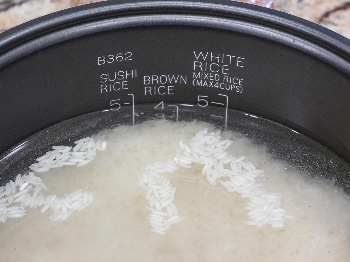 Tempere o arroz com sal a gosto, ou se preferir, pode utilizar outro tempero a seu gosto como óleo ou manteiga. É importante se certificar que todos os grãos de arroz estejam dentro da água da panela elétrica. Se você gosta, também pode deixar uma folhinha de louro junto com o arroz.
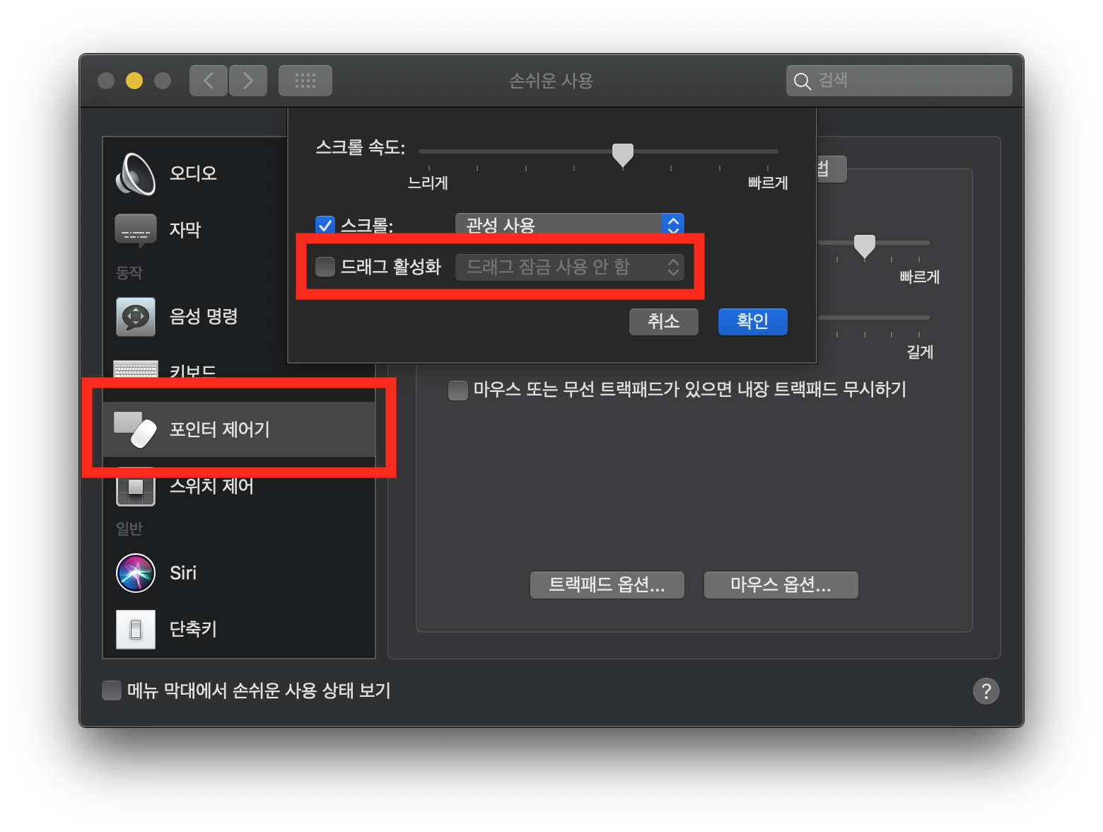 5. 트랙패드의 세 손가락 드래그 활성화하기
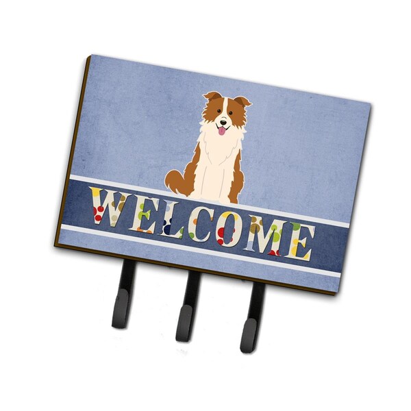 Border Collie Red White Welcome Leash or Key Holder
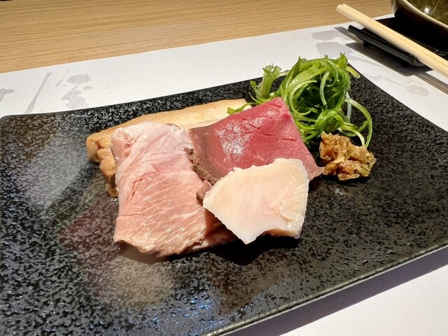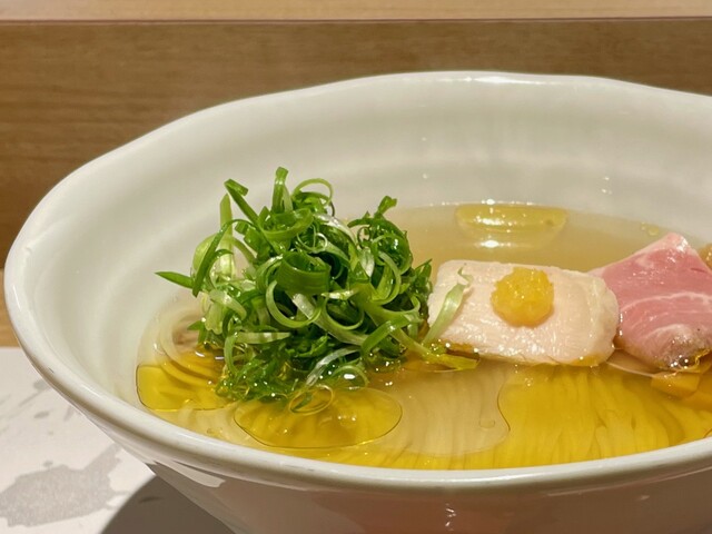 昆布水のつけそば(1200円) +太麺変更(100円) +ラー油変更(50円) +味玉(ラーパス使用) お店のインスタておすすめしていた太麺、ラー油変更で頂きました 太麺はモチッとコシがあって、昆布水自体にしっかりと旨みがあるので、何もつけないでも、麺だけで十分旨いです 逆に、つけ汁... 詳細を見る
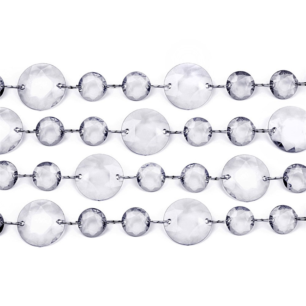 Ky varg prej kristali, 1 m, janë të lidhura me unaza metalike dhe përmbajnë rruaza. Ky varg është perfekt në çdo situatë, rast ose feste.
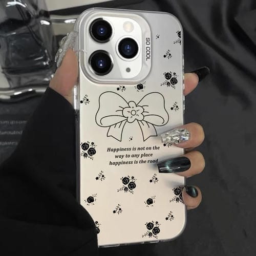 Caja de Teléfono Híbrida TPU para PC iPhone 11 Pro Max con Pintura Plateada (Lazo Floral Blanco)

* * *

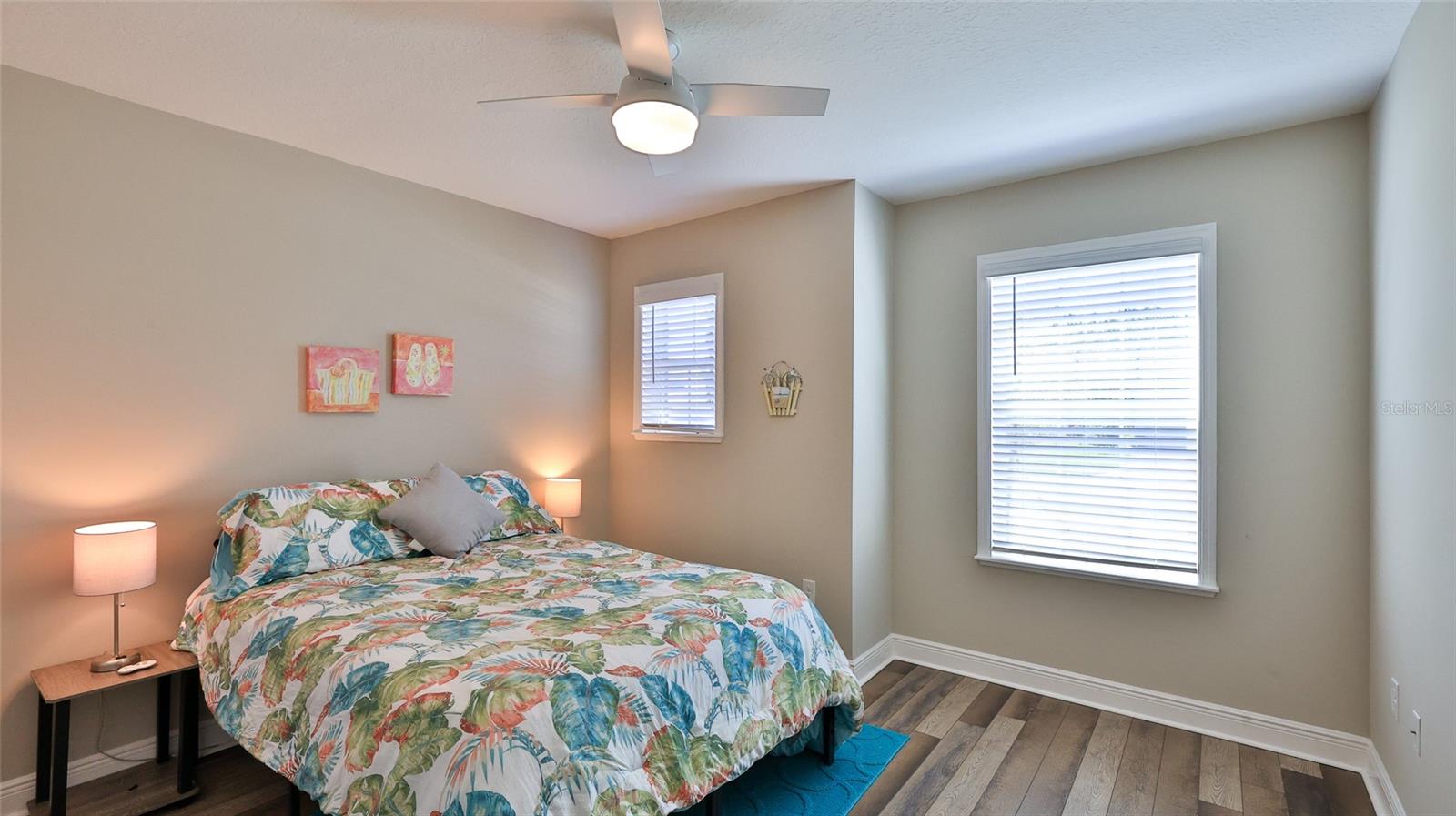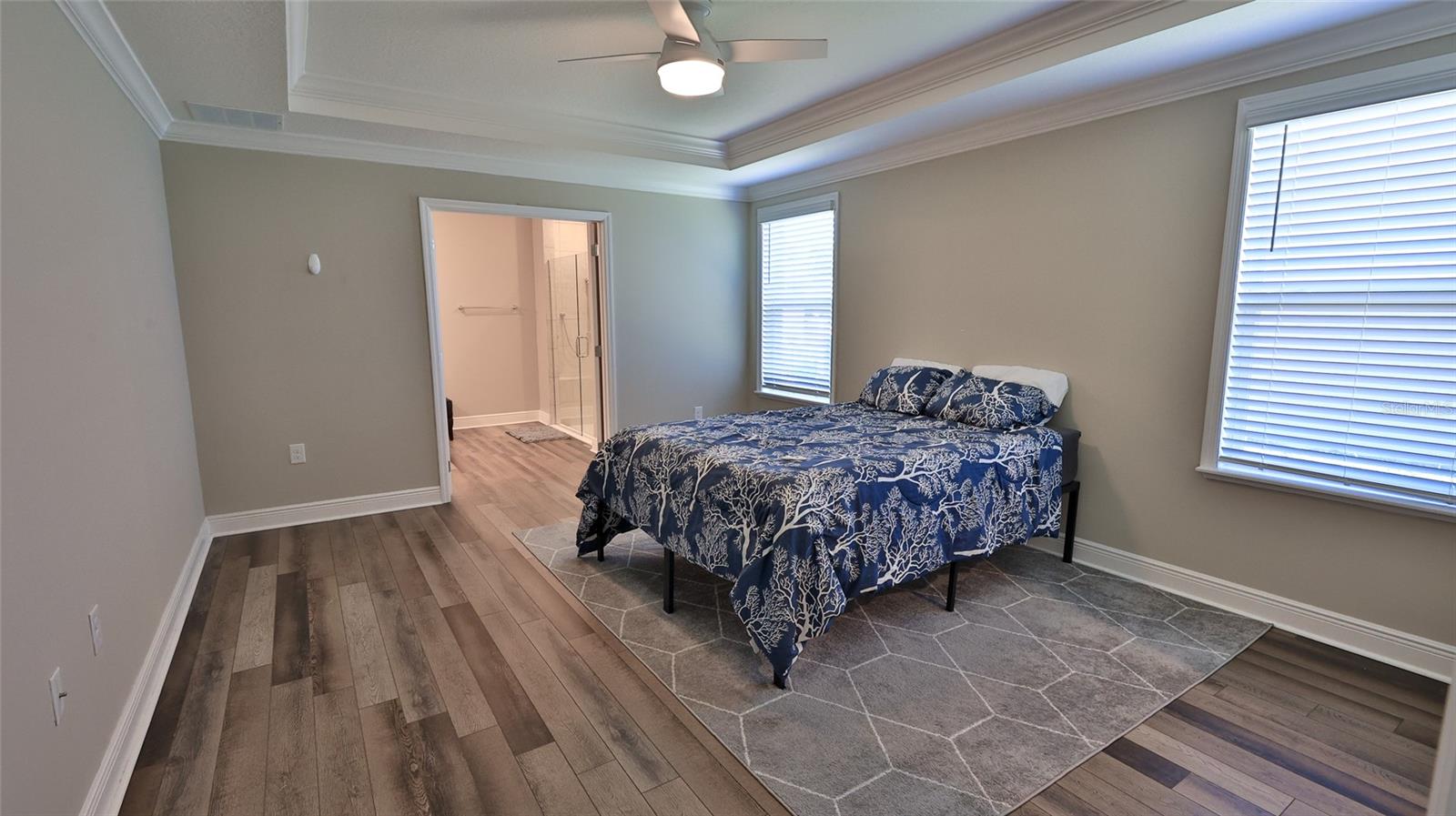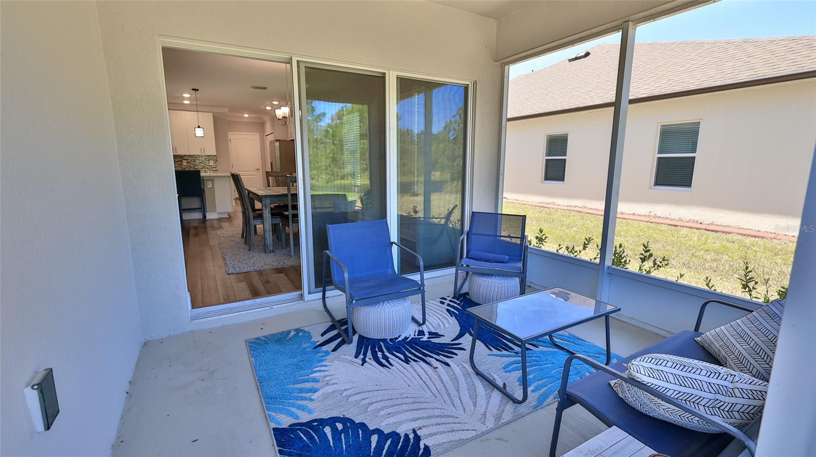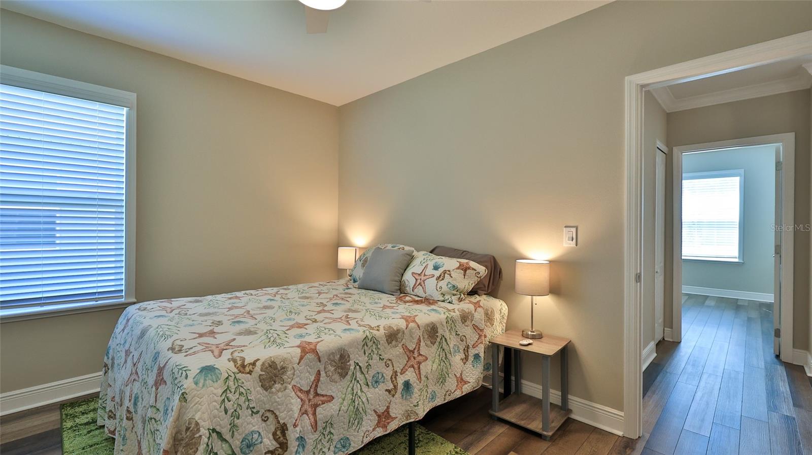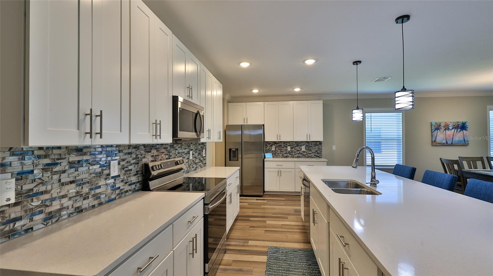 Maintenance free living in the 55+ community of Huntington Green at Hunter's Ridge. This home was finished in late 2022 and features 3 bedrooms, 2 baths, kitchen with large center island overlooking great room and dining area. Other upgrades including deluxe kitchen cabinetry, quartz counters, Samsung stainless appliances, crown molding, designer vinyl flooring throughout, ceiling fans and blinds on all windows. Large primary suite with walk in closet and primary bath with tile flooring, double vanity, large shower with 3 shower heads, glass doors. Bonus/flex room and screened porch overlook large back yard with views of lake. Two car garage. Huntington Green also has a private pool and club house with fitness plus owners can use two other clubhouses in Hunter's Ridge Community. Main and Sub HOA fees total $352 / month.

What to do:
For this exercise, reproduce exactly the lines of the records above from the one with "Border Collie Red" up to and including the one with "Caja de Teléfono", without pictures.

Answer to this task:
 Border Collie Red White Welcome Leash or Key Holder
 昆布水のつけそば(1200円) +太麺変更(100円) +ラー油変更(50円) +味玉(ラーパス使用) お店のインスタておすすめしていた太麺、ラー油変更で頂きました 太麺はモチッとコシがあって、昆布水自体にしっかりと旨みがあるので、何もつけないでも、麺だけで十分旨いです 逆に、つけ汁... 詳細を見る
 Ky varg prej kristali, 1 m, janë të lidhura me unaza metalike dhe përmbajnë rruaza. Ky varg është perfekt në çdo situatë, rast ose feste.
 Caja de Teléfono Híbrida TPU para PC iPhone 11 Pro Max con Pintura Plateada (Lazo Floral Blanco)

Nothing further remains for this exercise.